The Sorcerer in the North
- Second Australian edition cover of The Sorcerer in the North
- Author: John Flanagan
- Language: English
- Series: Ranger's Apprentice (Book no. 5)
- Genre: Fantasy, Adventure
- Publisher: Random House (AUS)
- Publication date: 4 November 2006 (AUS) 4 Nov 2008 (USA) 6 August 2009 (UK)
- Publication place: Australia
- Media type: Print (Paperback)
- Pages: 329
- ISBN: 1-74166-128-5
- OCLC: 156766604
- Dewey Decimal: A823.4
- Preceded by: Oakleaf Bearers
- Followed by: The Siege of Macindaw

= The Sorcerer in the North =

Book by John Flanagan

The Sorcerer in the North (The Sorcerer of the North in the United States) is the fifth book in the Ranger's Apprentice series by Australian author John Flanagan. It was released in Australia on 4 November 2006 and in the United States on 4 November 2008.

==Plot summary==
The book starts off with Will rescuing a dog with a spear wound that he finds on the side of the road. Will then goes on to Castle Seacliff of the fief he has been assigned to and has a meeting with the baron there. After the meeting, a group of Skandians attempt to raid the fief and Will makes a deal with them: if he gives them food and drink, the Skandians will leave. When the owner of the dog tracks it and Will down, he is captured and handed over to the Skandians to become a slave before they leave.

Will is soon assigned to a mission to determine the identity of a mysterious sorcerer in Grimsdell Wood, and to stop him from terrorising the castle of Macindaw. Will goes under disguise as a jongleur; somebody who acts as a jester but doesn't serve a king, going around the kingdom entertaining for money. He does this because people tend to trust jongleurs, whereas people often clam up around Rangers due to the mystery surrounding their position. This would, in turn, help him to get information on Grimsdell Wood more easily. Will travels to Macindaw, where their lord, Syron, has been poisoned and is now in the hospital.

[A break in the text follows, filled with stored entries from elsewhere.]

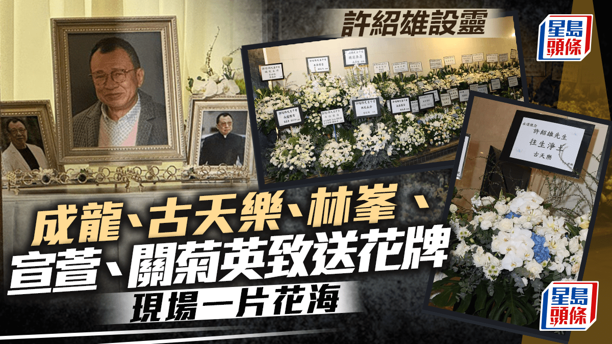 許紹雄設靈|成龍、鄭少秋、古天樂、林峯、關菊英致送花牌 現場一片花海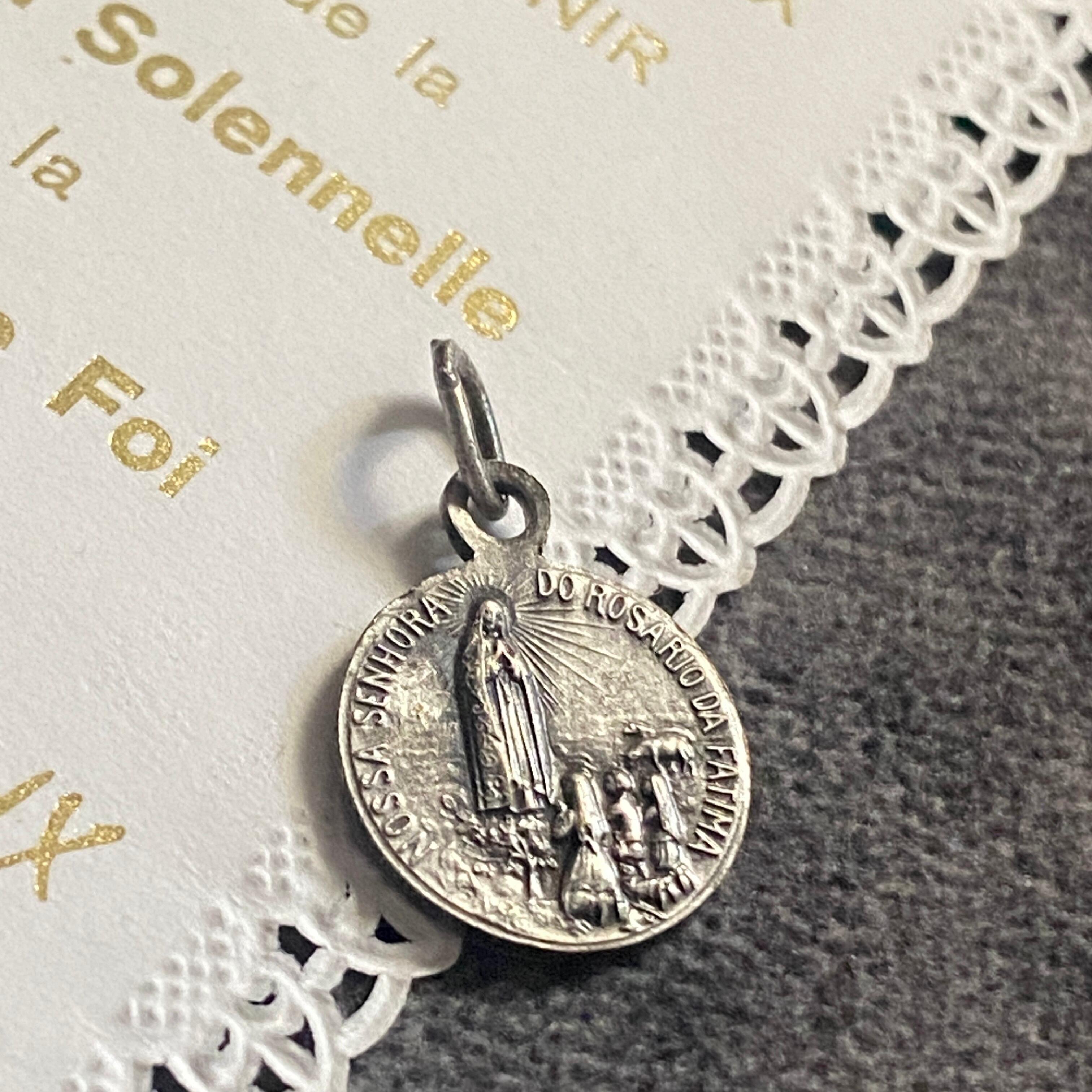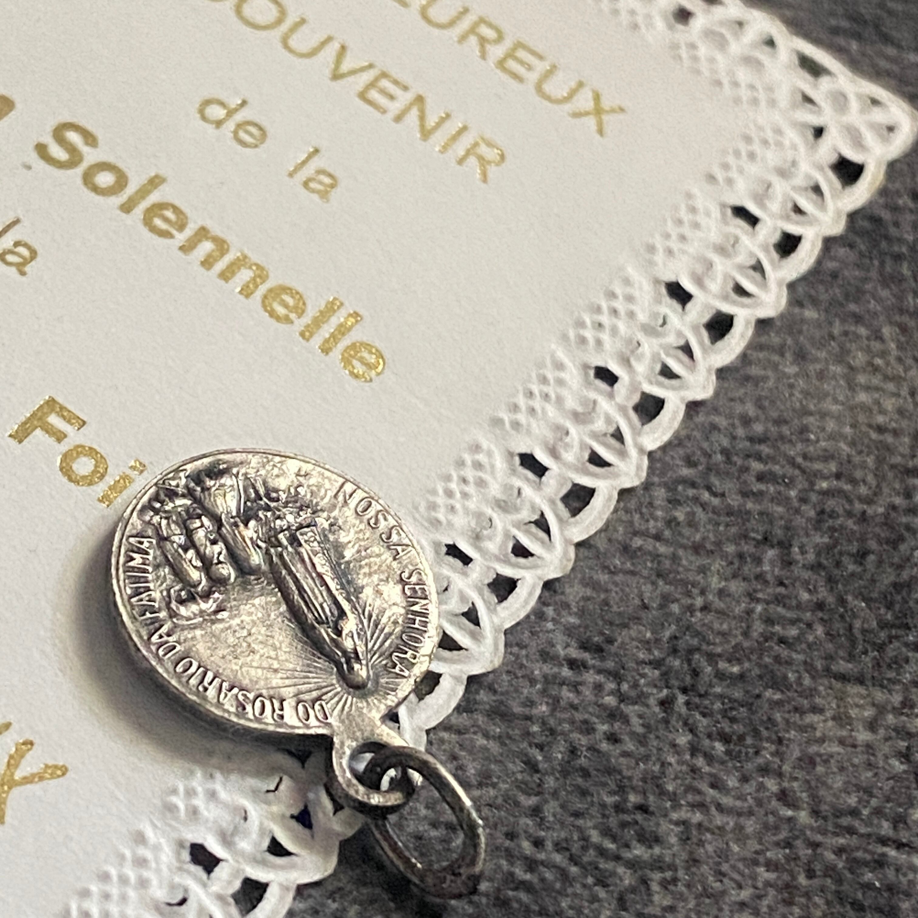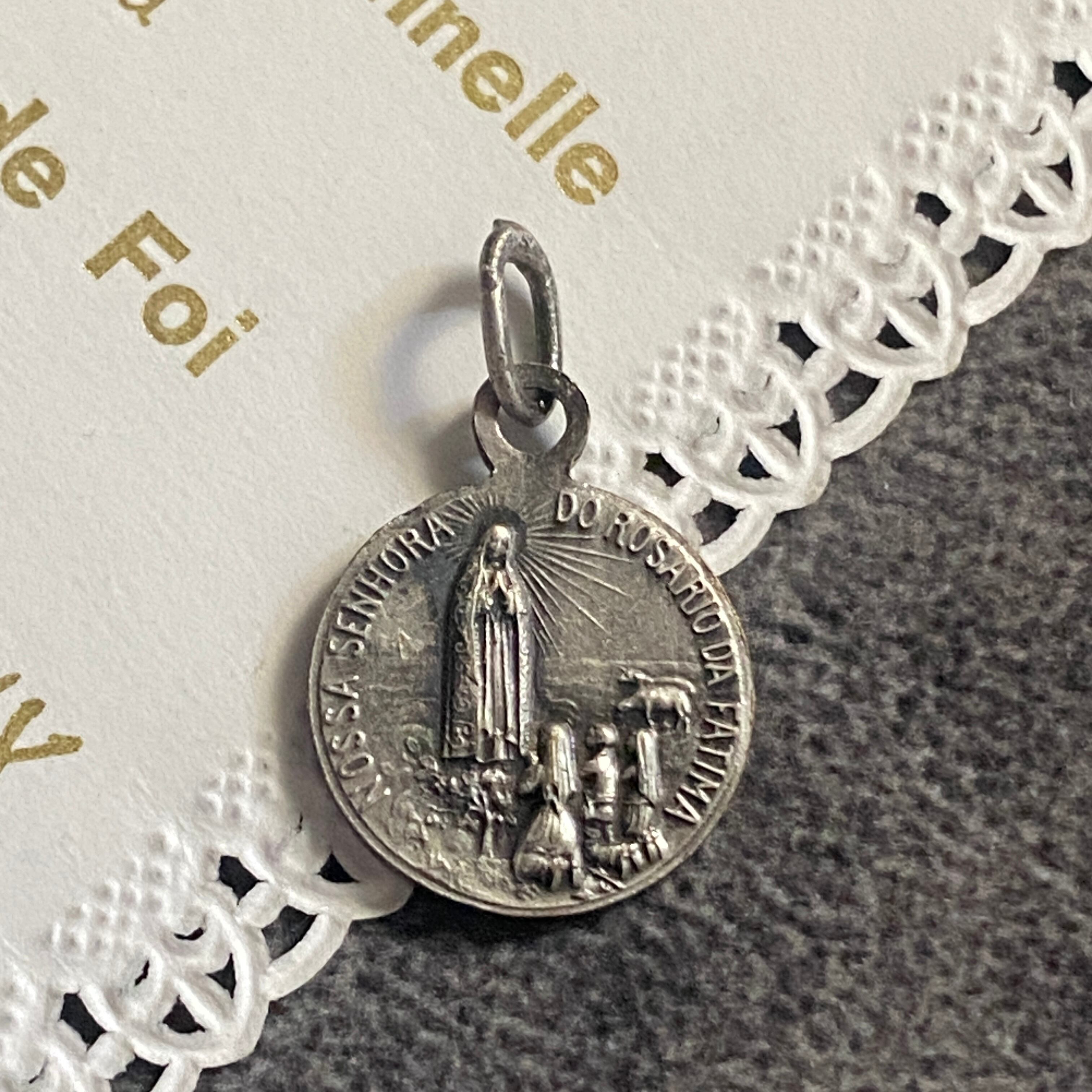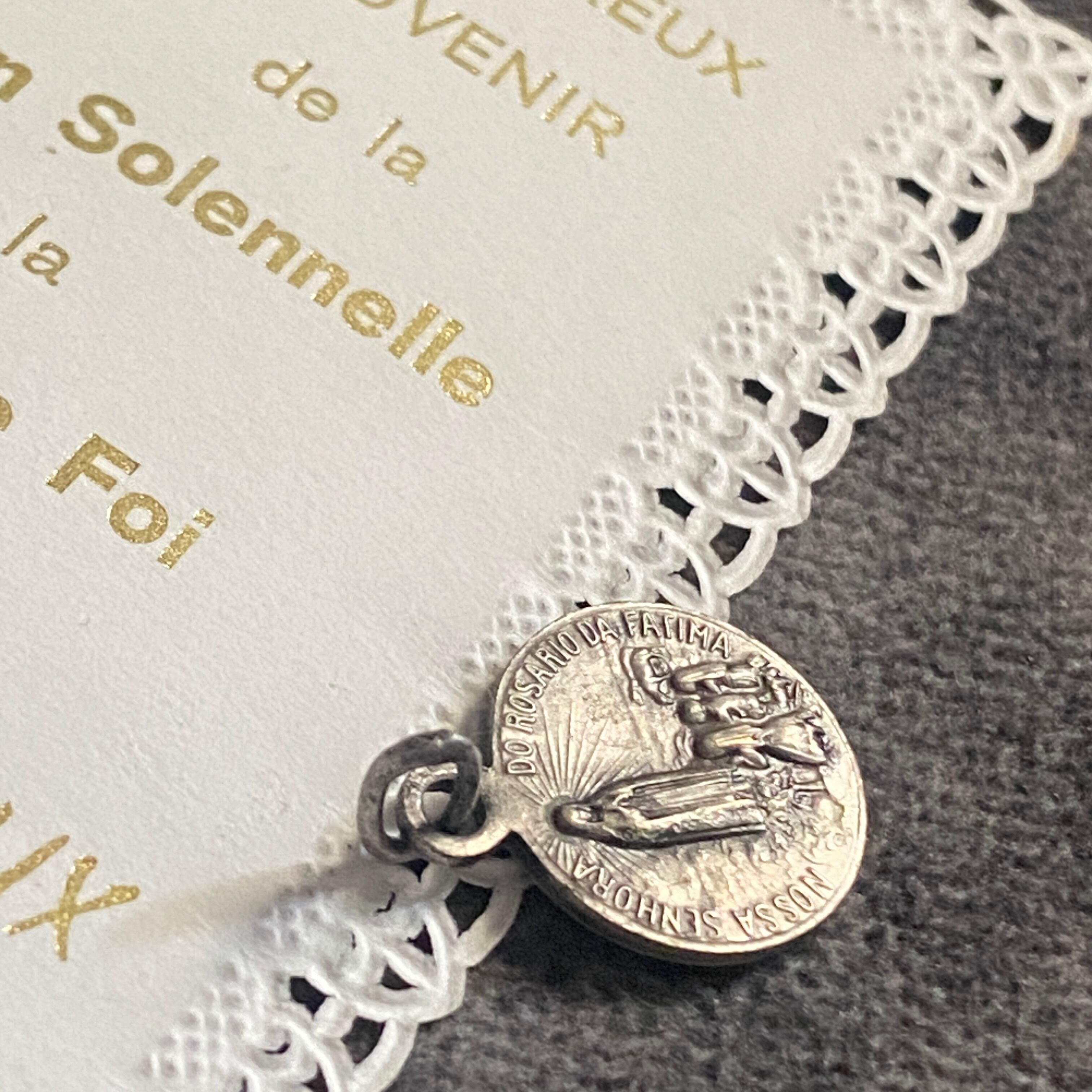 メダイの片面には、放射状の光に包まれながらファティマにご出現された聖母マリアと、祈りを捧げる3人の子どもたち。もう一方には、雲間から姿を現した聖心のマリアが、穏やかなまなざしで胸元に炎の灯る御心を示しています。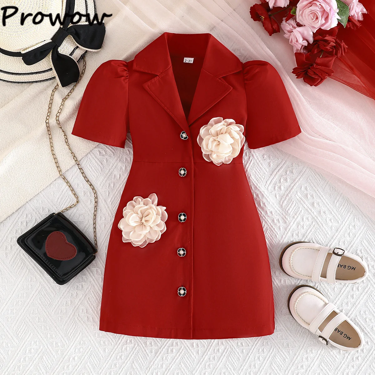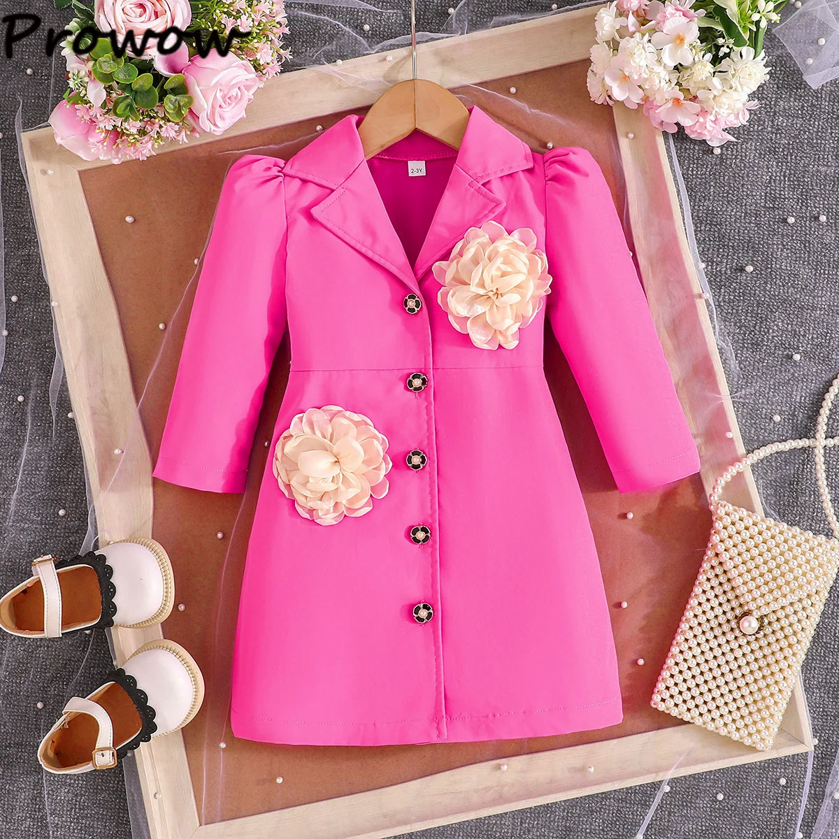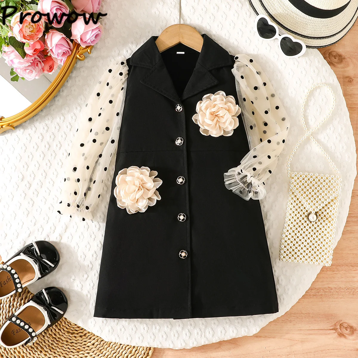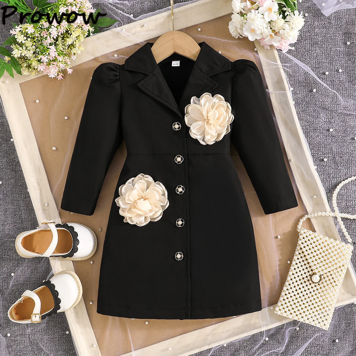 Children Blazer Dresses For Girls Short Sleeve Black Dress Front Applique Flower Fashion Dress For Kids Formal Clothes
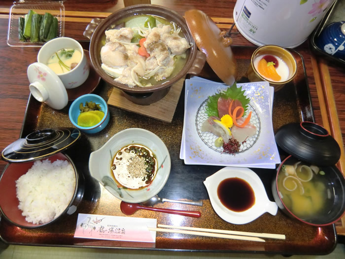 やなさん、昼食は、ヘルシーな地鶏鍋定食だ。1470円。まいう〜( ^)o(^ )!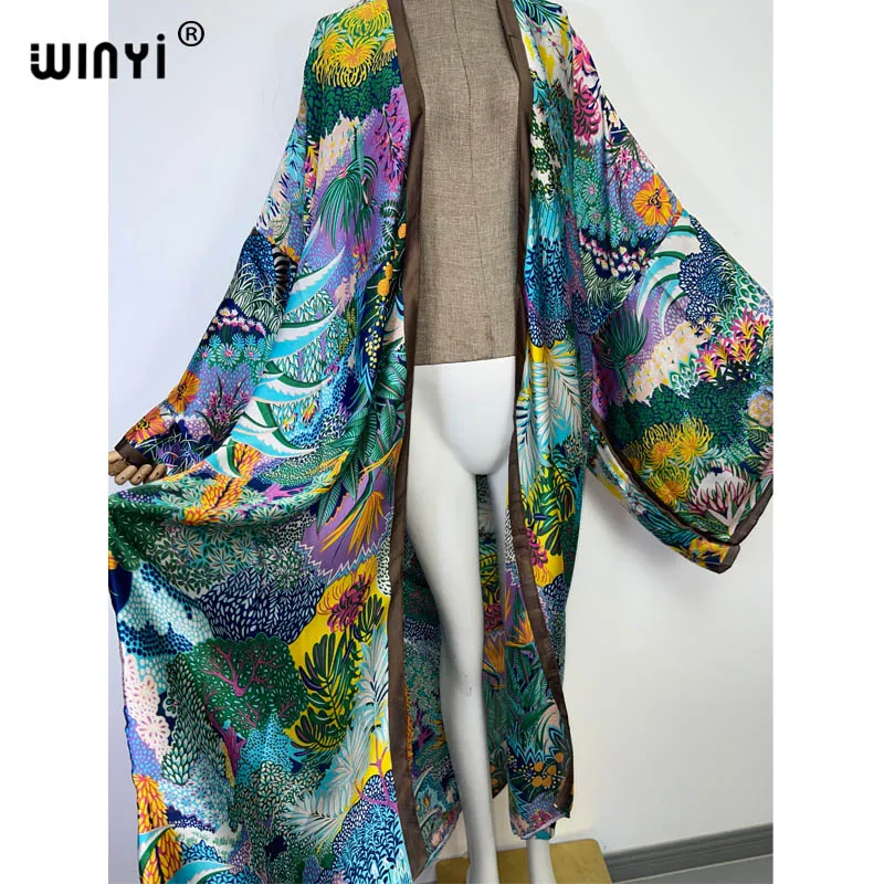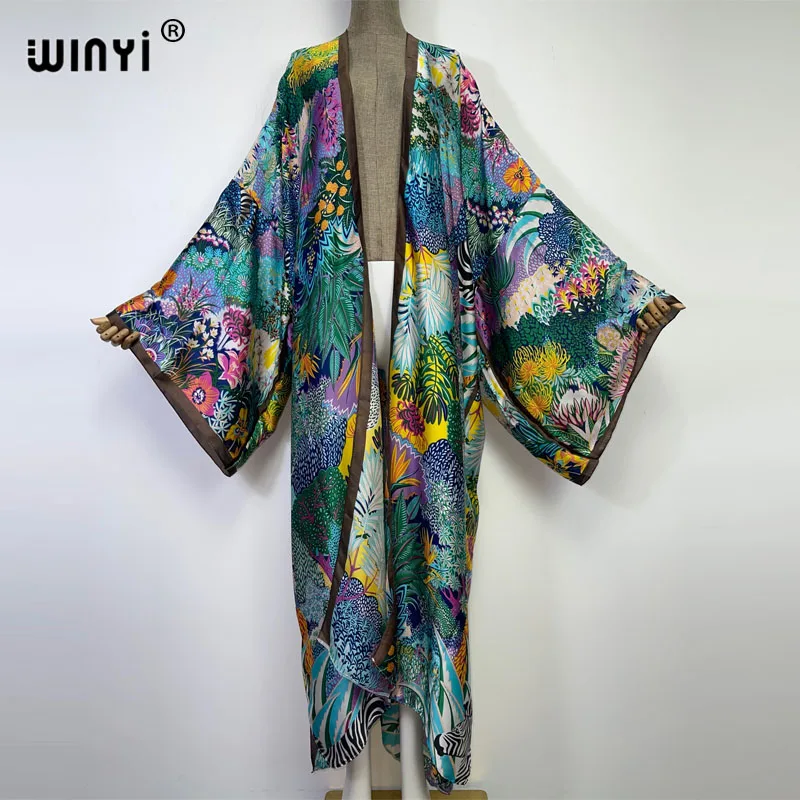 🌟 What it is - This chic and versatile cardigan features a boho maxi design with African-inspired details. The batwing sleeves and silk-like feel add a touch of luxury to your holiday wardrobe.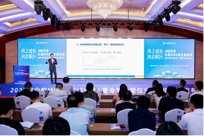 2024年6月1日,北航MBA招生启动会·夏令营开营仪式·领航MBA发布会顺利举办。活动包括学院致辞、项目介绍、校友管理实践分享、教授公开课、领航MBA发布、招生政策发布、互动答疑六个环节。为300余位考生打造了一场沉浸式体验之旅。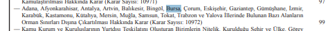 Karara göre; Adana, Afyonkarahisar, Antalya, Artvin, Balıkesir, Bingöl, Bursa, Çorum, Eskişehir, Gaziantep, Gümüşhane, İzmir, Karabük, Kastamonu, Kütahya, Mersin, Muğla, Samsun, Tokat, Trabzon ve Yalova illerinde bazı alanların orman sınırları dışına çıkarılması, bazı alanların ise orman olarak tescil edilmesi kararlaştırıldı.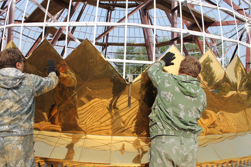 На сегодняшний день идет работа по оформлению куполов.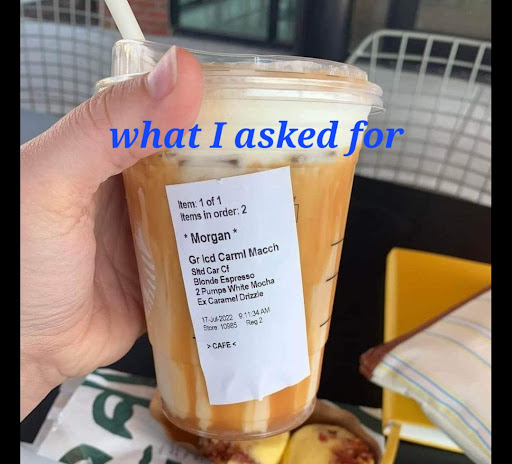 Another barista number 2 came and handed me the rest of the order. I asked her for the other girl's name. She paused, then said she couldn't give it to me. Strange considering every Starbucks I've gone to they usually have name tags with their name. So I asked her myself for her name. She scoffs at me again and asks why I want her name. I'm confused because, again, asking a person's name who works in customer service isn't an unreasonable question.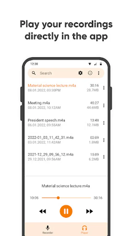 This recording app offers a helpful audio recorder and voice recorder player too so that you can listen to your recordings quickly within this recording app, maybe rename or delete them. You can customize the shown date and time format for better user experience.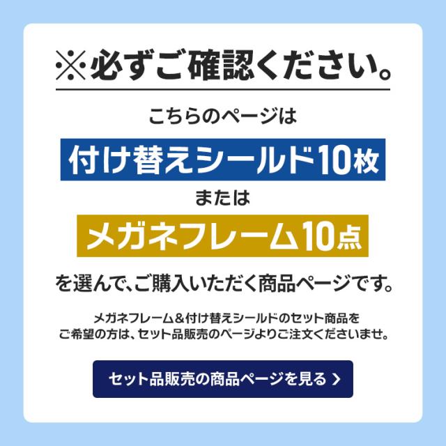 選べる!メガネ型フェイスシールドに使える【付け替えシールド10点】または【メガネフレーム10点】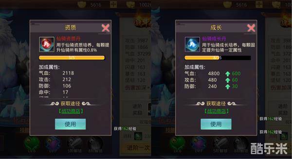 在系统模块达到3阶之后,可使用对应的“成长丹”,每颗“成长丹”可为人物角色增加攻击、防御、气血属性。系统模块达到4阶之后,可使用对应“资质丹”,每颗“资质丹”可以提升对应模块所有属性0.8%。模块的阶数越高,可使用的成长丹和资质丹越多,同样每颗成长丹和资质丹增加的属性越多。
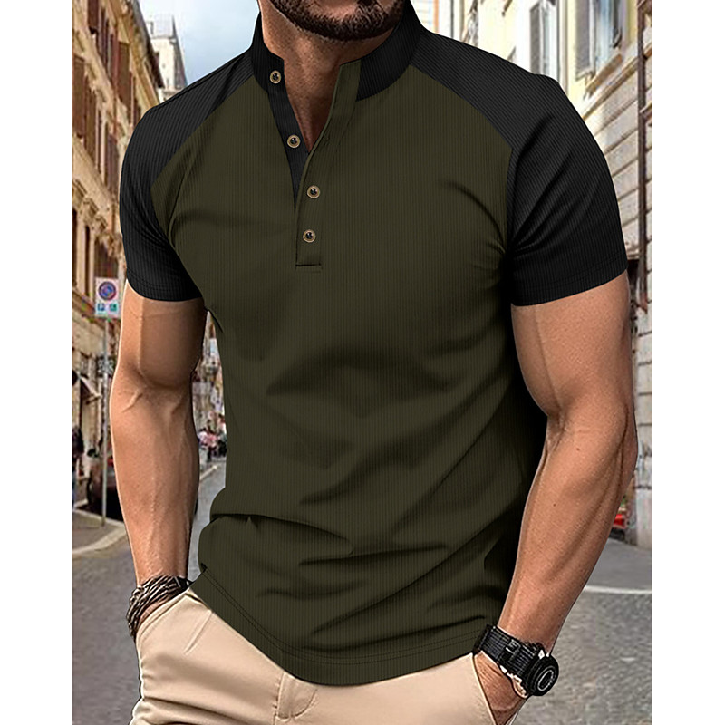Men's Golf Shirt Golf Polos Shirts Work Casual Stand Collar Short Sleeve Basic Modern Color Block Patchwork Buttons Spring Summer Regular Fit Wine Black White Pink Navy Blue Green Golf Shirt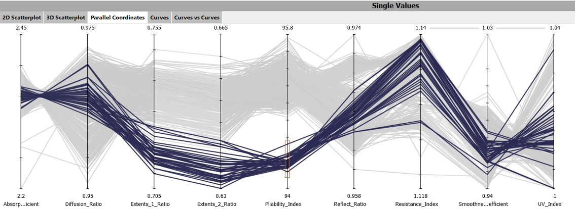 The "Parallel Coordinates" view compares selected measurement variables in a parallel arrangement. The horizontal lines between the two measured values show a point (data line); the values of each line can be read from the parallel axes. The brighter the lines, the fewer points at the corresponding values. This allows you to determine in which areas values are located, at which points the most are concentrated, and to what extent the compared measured variables correlate.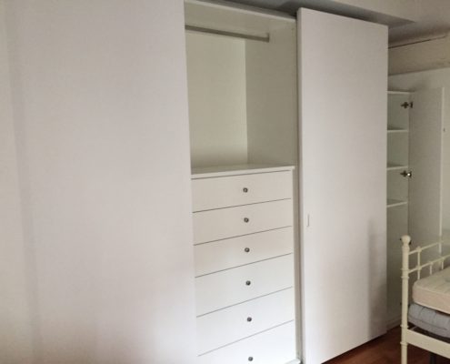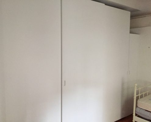 Le ante con la maniglia incassata sono in tamburato, laccate bianco, per essere ultra leggere.

His son Orman has taken over the castle while his father is ill, but Orman's cousin Keren has been trying to take over as lord, but Will does not know this yet. Will then rides to Grimsdell and sees the Night Warrior, one of the ghosts in Grimsdell, and flees in fear on his horse Tug.

Will performs for Orman during his dinner (in the great hall), but Orman claims he is a very bad jongleur due to his inability to play classical music. Will then meets Keren (who enters the dining hall late) and is under the impression that he is an affable person. Alyss (Will's friend and a Diplomatic Service Courier) then comes disguised as a noblewoman. The next day, Will sees sorcery books on Orman's table and suspects he is the sorcerer in the woods. Will takes Alyss to Grimsdell wood during the day and Alyss works out how the magician made the Night Warrior. Following this, Alyss sends a report to Halt and Crowley with a pigeon.

Halt (Will's former mentor) gets the report and decides he should send Horace, a knight on the king's guard as well as a friend of Will and Alyss, to help with Will's mission. Meanwhile, Orman has been poisoned too and is dying. The only way to help him is to go to the sorcerer in Grimsdell Wood who used to be a healer (this is only Orman's suspicion, but takes the chance). Will is forced to run for Grimsdell Wood but leaves Alyss behind in Castle Macindaw. Shadow (the name Will gave to his dog) finds a trail and leads them to Malcolm (the healer)'s house. He greets them after they see a giant walking around and other deformed people who Malcolm took in as helpers and patients. Will then tries to save Alyss, who has been captured by Keren, but Keren walks in the door and Will barely manages to escape alive.